[Extracted records]
····················

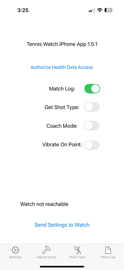 When not in ‘Coach Mode’ setting the ‘Get Shot Type’ switch on will prompt the watch to ask the wearer to select a point type from the point type table so it can be recorded in the match log and reviewed later. When in ‘Coach Mode’, the holder of the phone makes that entry.
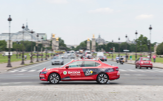 多年来斯柯达车队一直都是斯柯达环法自行车赛赞助活动的重要内容。今年的焦点当属旗舰车型斯柯达SUPERB速派,该车将换装醒目的“斗牛红”,作为“红车”领航骑手队伍。领航车还将配置了一个特别的全景玻璃天窗,按下第二排座椅上的按钮即可打开,这个特别的功能是为了方便赛事总监克里斯汀·普吕多姆(Christian Prudhomme)先生在车上站起来,在启动每个赛段前从不同的角度观察车队。此外,为了圆满完成“移动控制中心”的任务,斯柯达SUPERB速派还配备了全套技术装备,其中包括赛事总监用于接收信息和发布赛事及安全相关指令的多个电台频道。
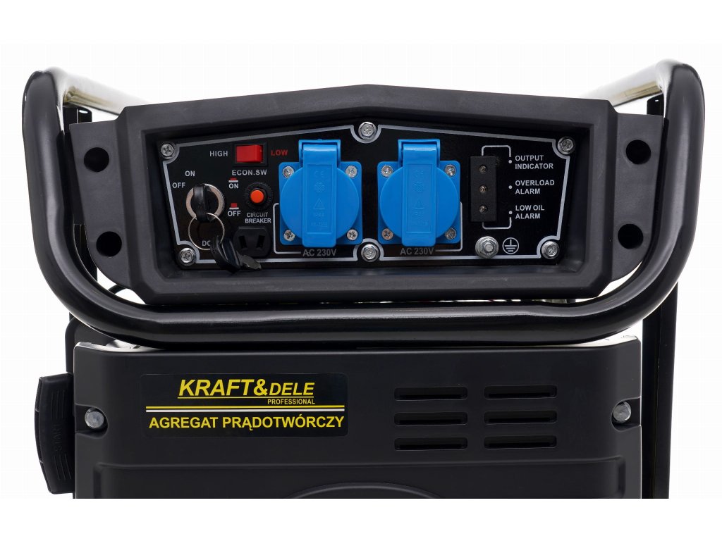 Invertorový agregát poľskej značky Kraft&Dele modelu KD194 je vybavený ukazovateľmi napätia, preťaženia a úrovne oleja pre zvýšenie komfortu používania.
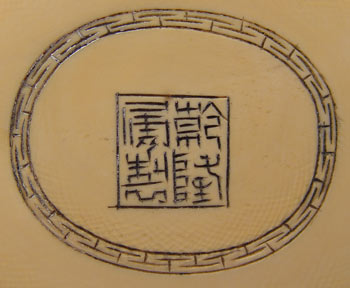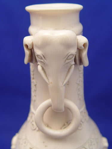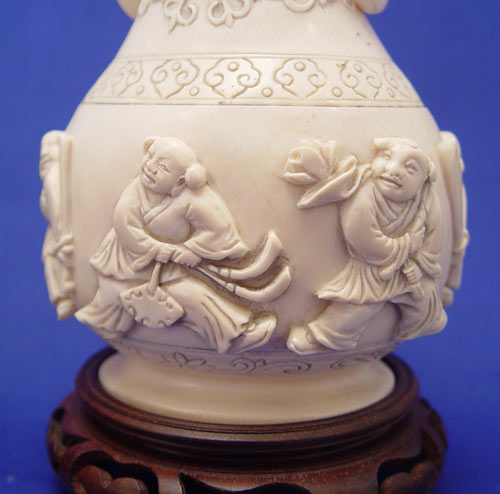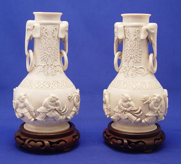 PAIR ASIAN CARVED IVORY VASES: Relief carved figural decoration with ringed elephant head handles. Signed, ivory alone is 7 3/4''h. Sold with the wood stands.
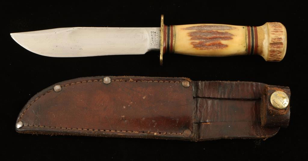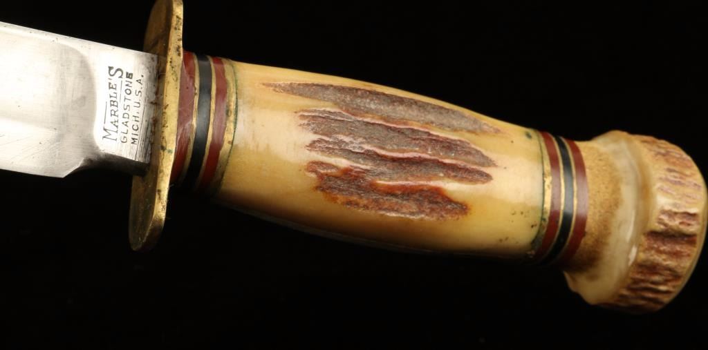 Features a Gladstone marked 5" clip-point blade, brass hilt and stag handle. Includes a Marble brown leather belt loop sheath. Overall length is 9". Condition is very good.
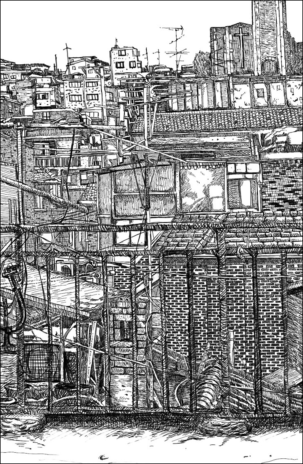 옥탑 너른 마당을 길게 서성이며 다시 못 볼 풍경을 흝었다. 들쑥날쑥, 얼기설기 서로 기대고 맞댄 모양새가 우리네 사는 모습 같아 새삼 정겹고 한편 처연했다. 재개발에 누군 웃겠지만 속절없이 터전을 등져야 하는 사람들은 얼마나 서러울지. 내 처지도 발등에 불인데 오지랖이 깊었다. 서대문구 북아현동, 짙게 그리울 이곳을 꾹꾹 눌러 가슴에 담았다.
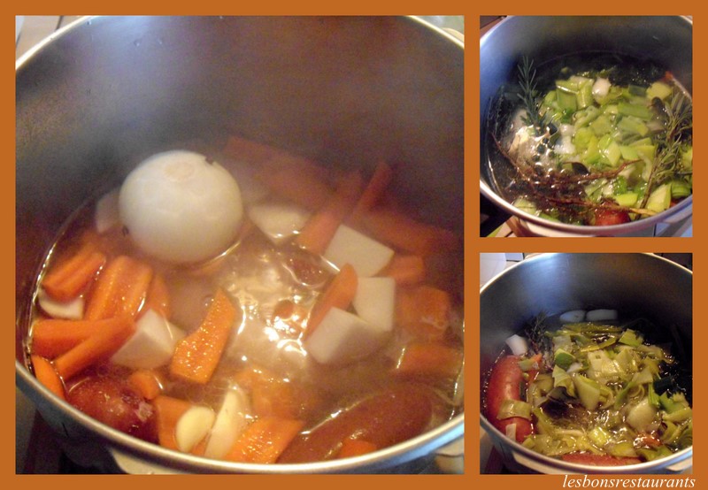 Au bout de 30 minutes, ajoutez aux viandes, carottes, navets, poireaux, céleri, oignons piqués de clous de girofle, ail et bouquet garni.
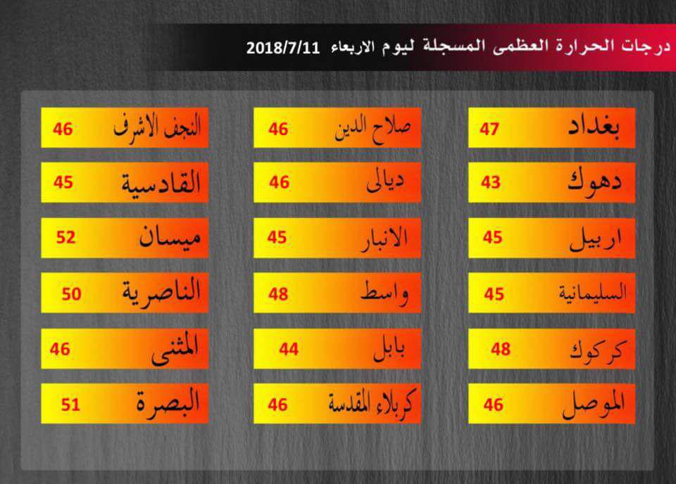 حيث اظهر جدول لدرجات الحرارة لجميع المحافظات ان محافظة ميسان احتلت المرتبة الاولى بدرجات الحرارة حيث بلغت فيها 52 درجة مئوية وتلتها محافظة البصرة حيث بلغت الحرارة 51 درجة مئوية .
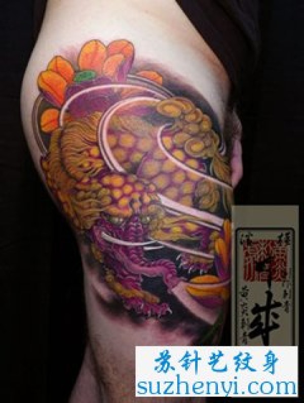 男性腿部重彩貔貅纹身图案_貔貅纹身图案大全_纹身图吧
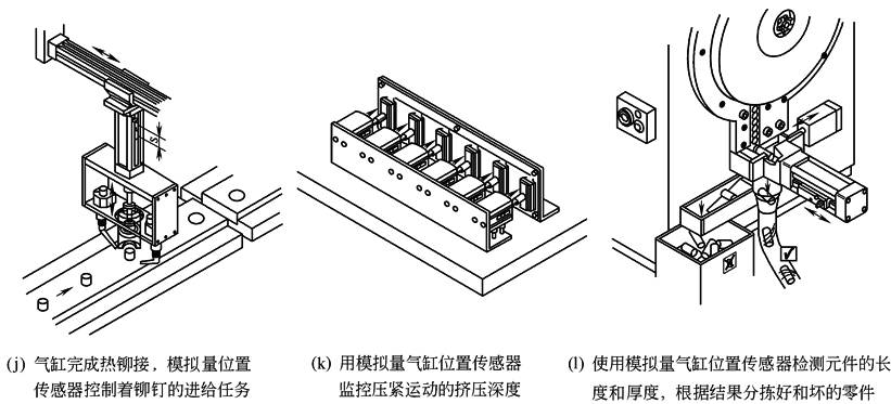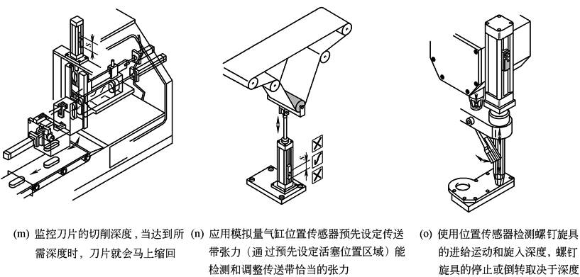 很多典型的应用场合(如连接过程、夹紧、位置感测、好/坏零件的检测、工作位置、质量检测、磨损监控、厚度感测),需对目标检测和对过程监控,见图j~图o

····················

## Assigned task
Every line above gets copied exactly; none of the pictures do.

## Solution to the problem
 When not in ‘Coach Mode’ setting the ‘Get Shot Type’ switch on will prompt the watch to ask the wearer to select a point type from the point type table so it can be recorded in the match log and reviewed later. When in ‘Coach Mode’, the holder of the phone makes that entry.
 多年来斯柯达车队一直都是斯柯达环法自行车赛赞助活动的重要内容。今年的焦点当属旗舰车型斯柯达SUPERB速派,该车将换装醒目的“斗牛红”,作为“红车”领航骑手队伍。领航车还将配置了一个特别的全景玻璃天窗,按下第二排座椅上的按钮即可打开,这个特别的功能是为了方便赛事总监克里斯汀·普吕多姆(Christian Prudhomme)先生在车上站起来,在启动每个赛段前从不同的角度观察车队。此外,为了圆满完成“移动控制中心”的任务,斯柯达SUPERB速派还配备了全套技术装备,其中包括赛事总监用于接收信息和发布赛事及安全相关指令的多个电台频道。
 Invertorový agregát poľskej značky Kraft&Dele modelu KD194 je vybavený ukazovateľmi napätia, preťaženia a úrovne oleja pre zvýšenie komfortu používania.
 PAIR ASIAN CARVED IVORY VASES: Relief carved figural decoration with ringed elephant head handles. Signed, ivory alone is 7 3/4''h. Sold with the wood stands.
 Features a Gladstone marked 5" clip-point blade, brass hilt and stag handle. Includes a Marble brown leather belt loop sheath. Overall length is 9". Condition is very good.
 옥탑 너른 마당을 길게 서성이며 다시 못 볼 풍경을 흝었다. 들쑥날쑥, 얼기설기 서로 기대고 맞댄 모양새가 우리네 사는 모습 같아 새삼 정겹고 한편 처연했다. 재개발에 누군 웃겠지만 속절없이 터전을 등져야 하는 사람들은 얼마나 서러울지. 내 처지도 발등에 불인데 오지랖이 깊었다. 서대문구 북아현동, 짙게 그리울 이곳을 꾹꾹 눌러 가슴에 담았다.
 Au bout de 30 minutes, ajoutez aux viandes, carottes, navets, poireaux, céleri, oignons piqués de clous de girofle, ail et bouquet garni.
 حيث اظهر جدول لدرجات الحرارة لجميع المحافظات ان محافظة ميسان احتلت المرتبة الاولى بدرجات الحرارة حيث بلغت فيها 52 درجة مئوية وتلتها محافظة البصرة حيث بلغت الحرارة 51 درجة مئوية .
 男性腿部重彩貔貅纹身图案_貔貅纹身图案大全_纹身图吧
 很多典型的应用场合(如连接过程、夹紧、位置感测、好/坏零件的检测、工作位置、质量检测、磨损监控、厚度感测),需对目标检测和对过程监控,见图j~图o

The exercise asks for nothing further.